Still taking drugs to stop feeling bad about being touched by your dad? Seek medical advice, get on a replacement drug and counselling regime. Speak to your doctor and ask to speak to a therapist. Understand that you are not unique – you are the unlucky 1 outta 3 who got touched up by someone – deal with it by understanding that your story is not special. It sucks and it’s a tragedy sure, but don’t keep it a secret, by telling someone of authority about it you free yourself from the secrecy of it, the burden of being the only one who knows and you can try to start and cope and heal through advice and self reflection. However, understand that “friends” you choose to tell come and go in life and their own priorities often supersede yours, so be careful who you trust. No one can hurt you like a friend.
You’re gay and you can’t come clean about it?
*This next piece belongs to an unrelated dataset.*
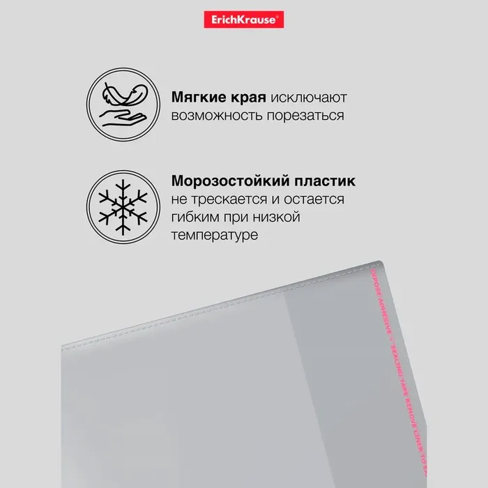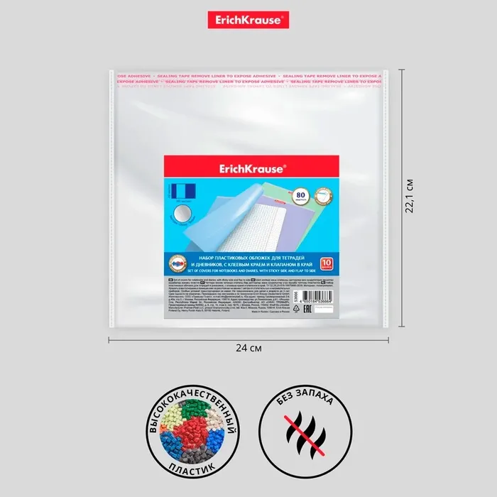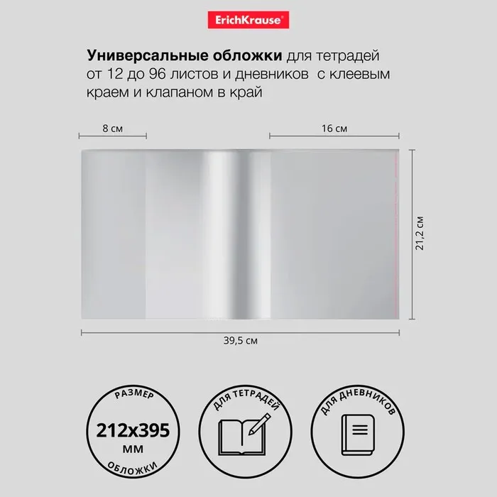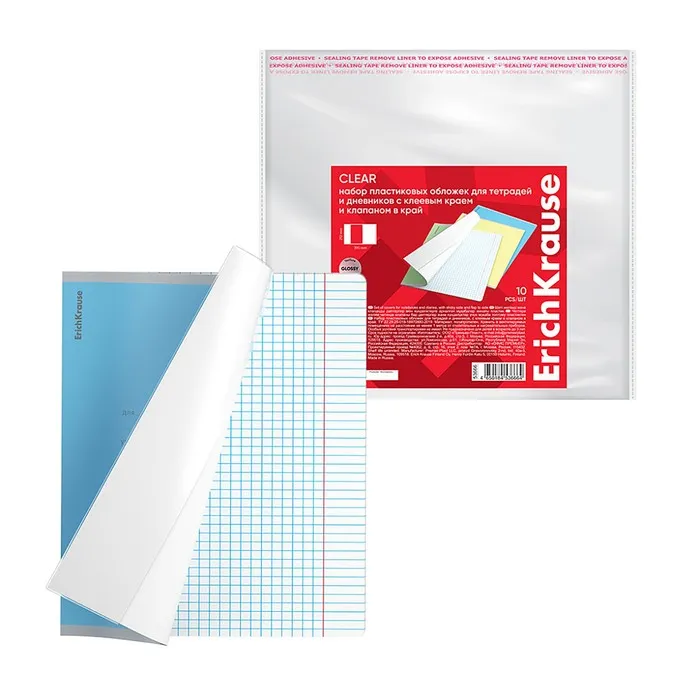 Набор обложек ПП 10 шт, 212 х 395 мм, 80 мкм, ErichKrause "Glossy Clear", для тетрадей и дневников, с клеевым краем и клапаном в край, глянцевые — Характеристики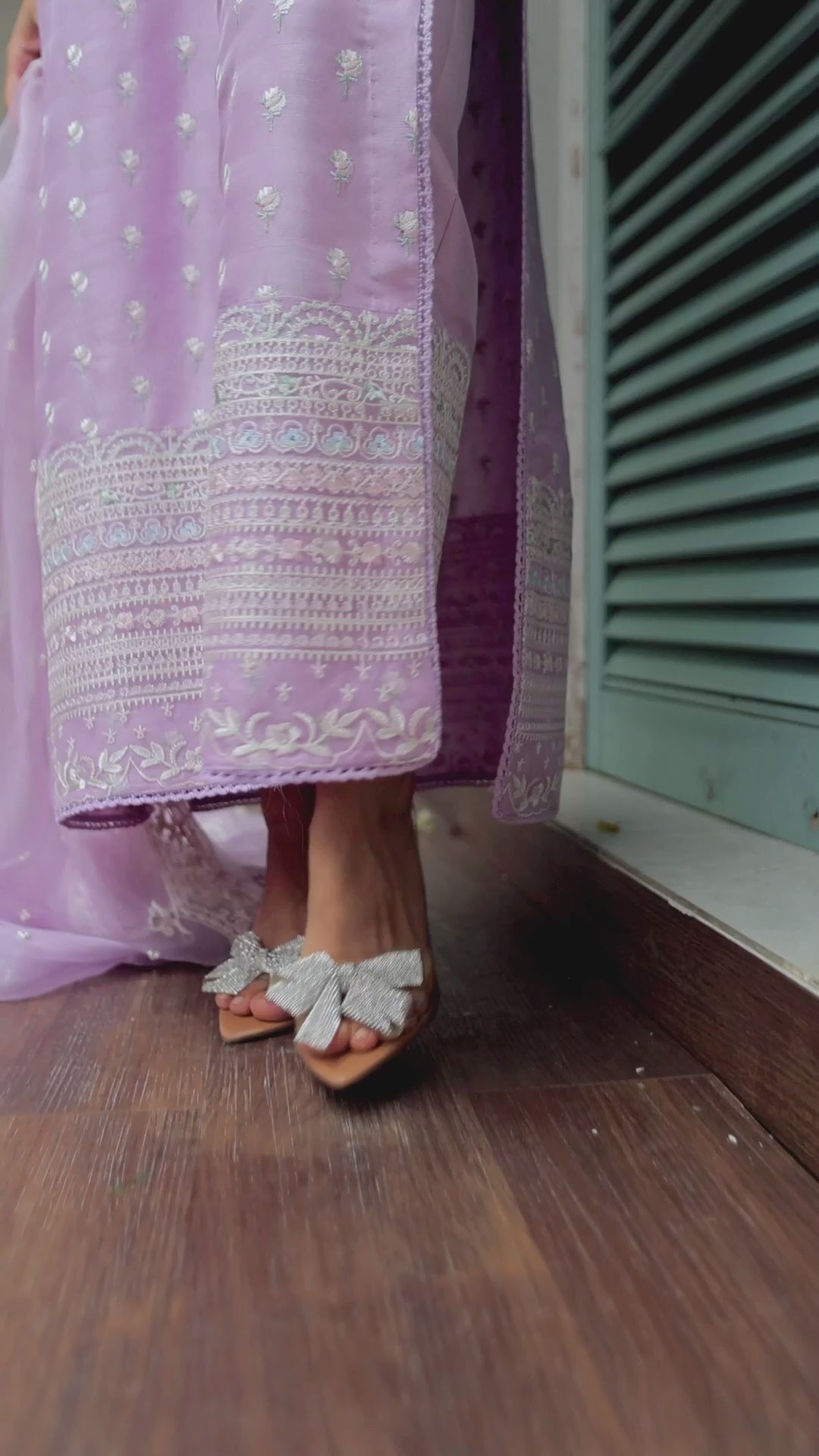 The captivating cool toned lavender hue of this outfit makes it your ultimate solution to all occasions, big or small. Cut from pure raw silk, exclusively designed to give the most universally flattering fit. Intricate embroidery along the universally flattering talpat neckline makes this outfit impossible to resist! Sweet little floral motifs all over the shirt give it a lovely, fresh spring vibe.

You fear or have gotten harsh reactions from people? Shamed? Feel like you are doing something wrong? Feel dirty? This is 2017. Yes, there are still bigots and assholes and closed minded people here – but they are fewer and further between than ever before. There are community groups, pride parades, special interest groups and places devoted to gay lifestyle. Don’t hide it, don’t fear it, if you feel it, embrace it. If nothing else the more secretive you keep your sex life the more likely you will engage in dangerous sex and risk yourself. Because you’re putting yourself into a don’t ask don’t tell situation. Don’t hide away, be the person you feel you are deep inside. Don’t hate that person. Talk to a doctor, therapist, Samaritans, gum clinic, anyone. Go to discreet forums on reddit and find people and talk to them. Discover and respect yourself and don’t pretend you can’t.
Feel lonely? Can’t get laid? No friends? Can’t talk to chicks? Feel like the older you get the harder it is to make a real connection with people? Can’t understand why people aren’t swiping right on you on tinder? Or hating yourself because you blew it with that girl from Plenty of fish and beat yourself up about the fact that your friends are all running around fucking everything that breathes and you are jerking off to porn everyday feeling lonelier and lonelier? The road blocks are your own. Most of life and all of sex is based on two factors – attractiveness and confidence. If you aren’t happy about any of your personal traits – then others won’t be. Go fix them. Fat? Work out. Feel stupid? Take a night course or read one full Wikipedia page at random every day, watch good YouTube videos about people explaining science, whatever, do something not nothing. You are happy with yourself but don’t anyone else is? Prove it. Be confident and remember if you believe in yourself, you project that to others. Let them know that you are cool and if you aren’t their type that’s life and move on. Not everyone wants anyone, but there is several hundred someones out there for everyone. Here goes another novel idea. Get off your phone. Put it in a drawer and go somewhere and meet people spontaneously. Join that gym and talk to chicks there. Go to the library and borrow books, read them there and spark a conversation with the girls there, ask what they are reading, etc. Live your life and go out and explore. Talk to people to get to know them – not to hope to fuck them – and you’ll be surprised how you aren’t lonely any more.
Nothing can cure depression. Not really. But we can mitigate some of the effects. We can talk ourselves into surviving another day when it feels like something we can’t believe in. Don’t put faith in a book or a cause. Don’t buy into miracle cures. Don’t feel you are not strong enough. Talk to yourself. Make a friend. Be closer to your own thoughts and feelings than anyone could dream of. Be so at one with yourself that you learn and adapt to how to control those feelings. You can’t stop them. But you can redirect that pain into something positive.
It won’t be easy.
Dying is easy. Quitting is easy.
Living is hard. Surviving is hard.
Repeat after me:
One foot after the other. One foot after the other. Keep moving. We’re gonna be OK. OK?